We also ran experiments with the pigeon-hole formulas. Although these formulas are hard for resolution, they can be solved efficiently with SDCL using the positive reduct [20]. Table 2 shows a runtime comparison, again including \(\mathsf {PR}\) proof logging, for pigeon-hole formulas of various sizes. Notice that the computational costs of the solver with the filtered positive reduct are about 3 to 4 times as large compared to the solver with the positive reduct. This is caused by the overhead of computing the filtering. The sizes of the \(\mathsf {PR}\) proofs produced by both versions are similar. Our solver with the positive reduct is about four times as fast compared to the SDCL version (only positive reduct) of Lingeling  [20], in short LSDCL. As the heuristics and proof sizes of our solver and LSDCL are similar, the better performance is due to our dedicated SDCL implementation.

Finally, we performed experiments with the recently released 2018 SAT Competition benchmarks.

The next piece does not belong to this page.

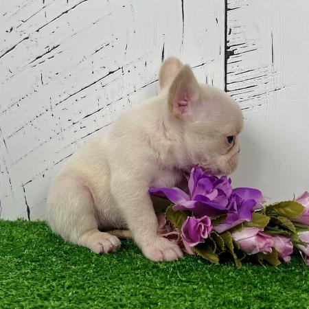 Meet Dolly, an adorable purebred AKC French Bulldog puppy with a soft cream coat, bright expression, and that irresistible Frenchie charm everyone falls in love with. She has a gentle, calm presence and a sweet little face that grabs your heart the moment you look at her.
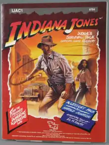 In 1984, TSR gained the license to make a role-playing game based on Indiana Jones, and the result was The Adventures of Indiana Jones Role-Playing Game.[2] A number of adventures and supplements were subsequently published, including 1985's Indiana Jones Judge's Survival Pack, a 16-page booklet with a cardstock cover and cardstock models sheet designed by Harold Johnson, with contributions by Ed Carmien. The cut-out figures and interior art were created by Dennis and Marsha Kauth, cartography was by Dave Sutherland, and cover art was by Clyde Caldwell.[3]

We expected slow performance on most benchmarks due to the high overhead of solving pruning predicates before making decisions. However, our solver outperformed the participating solvers on mutilated chessboard problems [27] which were contributed by Alexey Porkhunov (see Table 3).

For example, our solver can prove unsatisfiability of the \(18\times 18\) mutilated chessboard in 43.88 seconds. The filtered positive reduct was crucial to obtain this result. The other solvers, apart from CaDiCaL solving it in 828 seconds, timed out after 5000 seconds during the competition (on competition hardware). Resolution proofs of mutilated chessboard problems are exponential in size [1], which explains the poor performance of CDCL solvers. On these problems, like on the Tseitin formulas, our solver performed much better with the filtered positive reduct than with the positive reduct. The results are robust with respect to partially and completely scrambling formulas as suggested by [6], with the exception of the pigeon hole formulas, which needs to be investigated.

Table 3. Runtime Comparison (in Seconds) on the Mutilated Chessboard Formulas.
Full size table

8 Conclusion

We introduced two new SAT encodings for pruning the search space in satisfaction-driven clause learning (SDCL). The first encoding, called the filtered positive reduct, is easily solvable and prunes the search space more aggressively than the positive reduct (which was used when SDCL was initially introduced). The second encoding, called the \(\mathsf {PR}\) reduct, might not be useful in practice though it precisely characterizes propagation redundancy.

Based on the filtered positive reduct, we implemented an SDCL solver and our experiments show that the solver can efficiently prove the unsatisfiability of the Tseitin formulas, the pigeon-hole formulas, and the mutilated chessboard problems. For all these formulas, CDCL solvers require exponential time due to theoretical restrictions. Moreover, to the best of our knowledge, our solver is the first to generate machine-checkable proofs of unsatisfiability of these formulas. We certified our results using a formally verified proof checker.

Although our SDCL solver can already produce proofs of formulas that are too hard for CDCL solvers, it is still outperformed by CDCL solvers on many simpler formulas. This seems to suggest that also in SAT solving, there is no free lunch. Nevertheless, we believe that the performance of SDCL on simple formulas can be improved by tuning the solver more carefully, e.g., by only learning propagation-redundant clauses when this is really beneficial, or by coming up with a dedicated decision heuristic. To deal with these problems, we are currently investigating an approach based on reinforcement learning.

Considering our results, we believe that SDCL is a promising SAT-solving paradigm for formulas that are too hard for ordinary CDCL solvers. Finally, proofs of challenging problems can be enormous in size, such as the 2 petabytes proof of Schur Number Five [16]; SDCL improvements have the potential to produce proofs that are substantially smaller and faster to verify.